Carol empieza con una imagen geométrica. Podría tratarse de uno de esos fondos sobre los que se
desarrollaban los títulos de crédito iniciales de ciertos melodramas hollywoodienses, o a veces
comedias, de los años 50 y 60. Sin embargo, poco después la cámara se alza, el plano se altera, y nos
muestra que esas figuras, apretadas unas junto a otras, forman parte de la reja de ventilación del
metro de Nueva York. Inmediatamente, la geometría se convierte en otra cosa, en una sucesión de
siluetas borrosas que se mueven a través del asfalto en una noche de invierno, iluminadas por neones
inciertos. En ese travelling, en ese desplazamiento mínimo de la cámara —que sin embargo pasa de
filmar una porción muy pequeña de espacio a abarcar toda una calle, un cruce, una multitud— se
1
Según Jean Mitry, «se podría decir que un travelling es un conjunto de planos sucesivos en el que prácticamente a todas
las imágenes les corresponde un punto de vista diferente, del mismo modo que un círculo es una sucesión de líneas
rectas» (Citado por BONITZER, Pascal en El campo ciego. Ensayos sobre el realismo en el cine. Buenos Aires: Santiago
Arcos Editor,Aires, 2007, p. 14 nota 3).
debate ya el devenir incierto de la película, esa basculación entre épocas de la historia del cine que la
definirá de continuo. Del protagonismo de los créditos y su abstracción se ha pasado al protagonismo
colectivo del paisaje urbano, de la definición absoluta de la figura a su disolución en un universo de
sombras y luces que parpadean sin terminar de tomar forma. O dicho de otra manera: de la solidez
del cine clásico a la incertidumbre del cine contemporáneo, en medio del cual ni siquiera puedo
reconocer a un protagonista claro que me guíe desde el principio. Al contrario, la cámara se alza —
decía— y empieza a buscar, se lanza a tantear el terreno con el fin de conseguir que alguien se sitúe
más o menos en el centro del plano. Ese rastreo tiene que ver con la desorientación del cine de ahora
mismo, por lo menos de aquel que persigue una cierta herencia del clasicismo, como sin duda es el
caso de Carol, por mucho que sea a través de los filtros de la modernidad.

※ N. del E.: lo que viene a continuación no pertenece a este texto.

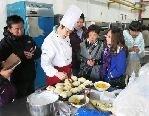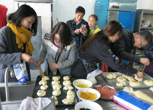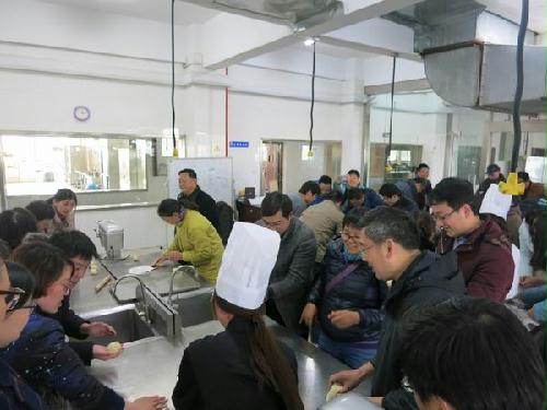 下午,学院教职工在院党委副书记张陟遥和院调研员宋亭华的带领下,乘车来到扬子津校区的旅游与烹饪学院。在旅游与烹饪学院的专业烘焙老师陈霞的讲解与示范下,大家重点学习了蛋糕和面包制作的关键配方和注意要点。之后,大家纷纷撸起袖子亲自制作,在陈老师和旅烹学院学生的指导和帮助下,现场体验了蛋糕和面包从和面、滚圆、整形、醒发、烤制的制作全过程,并分享糕点美食,体会劳动的乐趣,感受集体的温暖。

Volveré a ello, pues por ahora me interesa que otra cosa me conduzca al centro del drama, al corazón
mismo de lo que Carol me quiere transmitir. La cámara, en efecto, se despega de las rejas, se acerca
a la salida del metro y filma a unas cuantas figuras humanas que vienen y van, que emergen de las
profundidades de la tierra —como en el inicio de una leyenda o de la narración de un mito,
seguramente órficos— y se mezclan con las otras que pueblan las grandes avenidas colindantes.

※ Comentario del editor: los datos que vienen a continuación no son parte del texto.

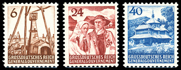 1944, 6(gr)-40(gr) Lands and People (Michel I-III), the unissued set of three, o.g., never hinged, fresh and Fine to Very Fine; the set was not authorized by the the German Post East in Krakow, but some were released from the state printing office in Vienna after the war. Michel €1,800 ($1,940). (Image)

Finalmente, sin que el espectador se dé cuenta, ya se ve a sí mismo siguiendo a una de ellas, no se
sabe muy por qué precisamente esa de entre todas las que aparecen en campo. El travelling, así,
realiza otra superposición, esta vez de varios cuerpos, para quedarse con solo uno de ellos que a su
vez nos va a llevar a otros, como si su única misión consistiera en ejercer de hilo conductor entre el
abismo indiferenciado y la individualidad, la masa informe y el sujeto —o sujetos— que van a
protagonizar ese relato que está tomando forma. La figura a la que de súbito nos vemos siguiendo es
un hombre, un amigo de las protagonistas que nos conducirá hasta ellas. Y estas últimas, por
supuesto, serán Therese (Rooney Mara) y Carol (Cate Blanchett), la joven inocente y la mujer
madura y experimentada de la que un día se enamoró y que ahora permanece ante ella, en una mesa
cualquiera de la cafetería de un hotel de Nueva York. Se trata de esos otros cuerpos a los que nos ha
conducido el primero, el que se ha desplazado desde el metro hasta el local, y entre los cuales, entre
los tres, se empieza a establecer una comunicación que también incluye enseguida al espectador. Un
hombre me ha conducido hasta un lugar en el que se encuentran dos mujeres, pero esa situación no
ha dejado paso a una unidad armoniosa, a un plano-contraplano, ni siquiera a un plano largo que los
abarque a todos. Como mucho, va a ser un plano-contraplano que el hombre presidirá, que no une a
las dos mujeres, sino que las divide y precipita su despedida. Él reconoce a Therese, la saluda,
irrumpe en el plano que hasta entonces dominan ellas dos y de algún modo lo rompe, lo fragmenta.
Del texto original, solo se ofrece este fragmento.